> [PROVIDED MATERIAL]

"""

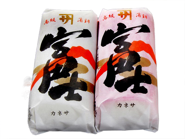 ★数々の受賞歴を持つ焼津カネサ大石佐太郎商店の名品蒸し板蒲鉾★ 【グチ入り高級蒲鉾「富士」紅白セット 1組】 価格 1,112 円 (税込 1,200 円)送料別 【全国蒲鉾水産加工業協同組合連合会品評会】において、 第27回(昭和49年)から最高技術賞受賞、栄誉大賞、水産庁長官賞など10回以上の受賞歴を持つ、 静岡県焼津の創業95年の老舗蒲鉾店「(株)カネサ大石佐太郎商店」の看板かまぼこです。 ●冷凍すり身 昔は,地元で獲れた生の魚だけで作られていました。そのためそれぞれの地方独特の味がありました。しかし、現在のほとんどの蒲鉾は、スケソウダラなどの魚を水さらしして、砂糖やトレハロースやリン酸塩などを入れた「無塩冷凍すり身」が使用されています。 スケソウダラの卵が「たらこ」や「辛子明太子」になります。 ●蒸板蒲鉾とリテーナー蒲鉾について 「蒸板蒲鉾」とは、高級魚のシログチや特級スケソウダラのすり身を使用し、 加水量やでん粉の添加量が少なく、魚本来の味とその魚が持つ弾力を生かすために、 ”すわり”と呼ばれる蒲鉾独特の現象を出来るだけ起こさせないで作られた高級蒲鉾です。 高級すり身を使用することと、加水量が少ないので蒲鉾板の上に練り身を乗せてもだれません。 それをそのまま”裸”で蒸したものです。調味料は、味のバランスを取る程度しか使いませんので魚本来のおいしさを味わえる蒲鉾です。 一般にスーパー等で販売されているの安価な蒲鉾は「リテーナー蒲鉾」と呼ばれます。 スケソウダラの冷凍すり身を原料に、弾力増強剤(一般的にすわり剤と呼ばれる)を添加し、たっぷり加水し、デンプンをたっぷり入れて作られています。 加水量が多いために、魚のうまみが無くなるので、魚介エキスや調味料で味を補足します。 「リテーナー蒲鉾」は加水量が多いので、かまぼこ板に乗せてもすぐだれてしまいます。 そこで、すぐフィルム(リテーナーフィルム)を巻いて流れ落ちないようにします。 それでも、形が崩れやすいので、それをリテーナーの型に入れ、適度な温度で一晩熟成すると、すり身がプリンのように固まります。(これをすわりといいます) このすわり工程で固まった「蒸しプリン」のような練り身を蒸して「リテーナー蒲鉾」が出来上がります。 本来の魚の味を味わうというより、調味蒲鉾として、プリプリとした”すわり”の食感が特徴です。 |
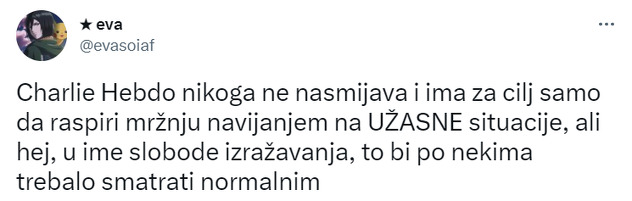 Nakon što je magazin objavio karikaturu na Twitteru, ova društvena mreža je preplavljena osudama te umjetničke zamisli, a mnogi postavljaju fotografije, kojima žele poniziti Charli Hebdo.
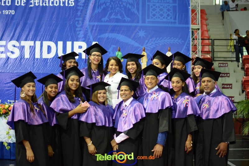 Los graduandos que la UASD entregó a la sociedad francomacorisana, en esta ocasión, 73 pertenecen a la Facultad de Humanidades; 89 a la Facultad de Ciencias Económicas y Sociales; 35 a la Facultad de Ciencias Jurídicas y Políticas; seis (6) a la Facultad de Ingeniería y Arquitectura; seis (6) a la Facultad de Ciencias Agronómicas y Veterinarias; 220 de la Facultad de Ciencias de la Educación; 76 a la Facultad de Ciencias de la Salud; de los cuales 48 son médicos.

"""

> [WHAT THE TASK REQUIRES] Reproduce the listing above exactly, but skip the pictures.

> [RESPONSE BELOW]
 ★数々の受賞歴を持つ焼津カネサ大石佐太郎商店の名品蒸し板蒲鉾★ 【グチ入り高級蒲鉾「富士」紅白セット 1組】 価格 1,112 円 (税込 1,200 円)送料別 【全国蒲鉾水産加工業協同組合連合会品評会】において、 第27回(昭和49年)から最高技術賞受賞、栄誉大賞、水産庁長官賞など10回以上の受賞歴を持つ、 静岡県焼津の創業95年の老舗蒲鉾店「(株)カネサ大石佐太郎商店」の看板かまぼこです。 ●冷凍すり身 昔は,地元で獲れた生の魚だけで作られていました。そのためそれぞれの地方独特の味がありました。しかし、現在のほとんどの蒲鉾は、スケソウダラなどの魚を水さらしして、砂糖やトレハロースやリン酸塩などを入れた「無塩冷凍すり身」が使用されています。 スケソウダラの卵が「たらこ」や「辛子明太子」になります。 ●蒸板蒲鉾とリテーナー蒲鉾について 「蒸板蒲鉾」とは、高級魚のシログチや特級スケソウダラのすり身を使用し、 加水量やでん粉の添加量が少なく、魚本来の味とその魚が持つ弾力を生かすために、 ”すわり”と呼ばれる蒲鉾独特の現象を出来るだけ起こさせないで作られた高級蒲鉾です。 高級すり身を使用することと、加水量が少ないので蒲鉾板の上に練り身を乗せてもだれません。 それをそのまま”裸”で蒸したものです。調味料は、味のバランスを取る程度しか使いませんので魚本来のおいしさを味わえる蒲鉾です。 一般にスーパー等で販売されているの安価な蒲鉾は「リテーナー蒲鉾」と呼ばれます。 スケソウダラの冷凍すり身を原料に、弾力増強剤(一般的にすわり剤と呼ばれる)を添加し、たっぷり加水し、デンプンをたっぷり入れて作られています。 加水量が多いために、魚のうまみが無くなるので、魚介エキスや調味料で味を補足します。 「リテーナー蒲鉾」は加水量が多いので、かまぼこ板に乗せてもすぐだれてしまいます。 そこで、すぐフィルム(リテーナーフィルム)を巻いて流れ落ちないようにします。 それでも、形が崩れやすいので、それをリテーナーの型に入れ、適度な温度で一晩熟成すると、すり身がプリンのように固まります。(これをすわりといいます) このすわり工程で固まった「蒸しプリン」のような練り身を蒸して「リテーナー蒲鉾」が出来上がります。 本来の魚の味を味わうというより、調味蒲鉾として、プリプリとした”すわり”の食感が特徴です。 |
 Nakon što je magazin objavio karikaturu na Twitteru, ova društvena mreža je preplavljena osudama te umjetničke zamisli, a mnogi postavljaju fotografije, kojima žele poniziti Charli Hebdo.
 Los graduandos que la UASD entregó a la sociedad francomacorisana, en esta ocasión, 73 pertenecen a la Facultad de Humanidades; 89 a la Facultad de Ciencias Económicas y Sociales; 35 a la Facultad de Ciencias Jurídicas y Políticas; seis (6) a la Facultad de Ingeniería y Arquitectura; seis (6) a la Facultad de Ciencias Agronómicas y Veterinarias; 220 de la Facultad de Ciencias de la Educación; 76 a la Facultad de Ciencias de la Salud; de los cuales 48 son médicos.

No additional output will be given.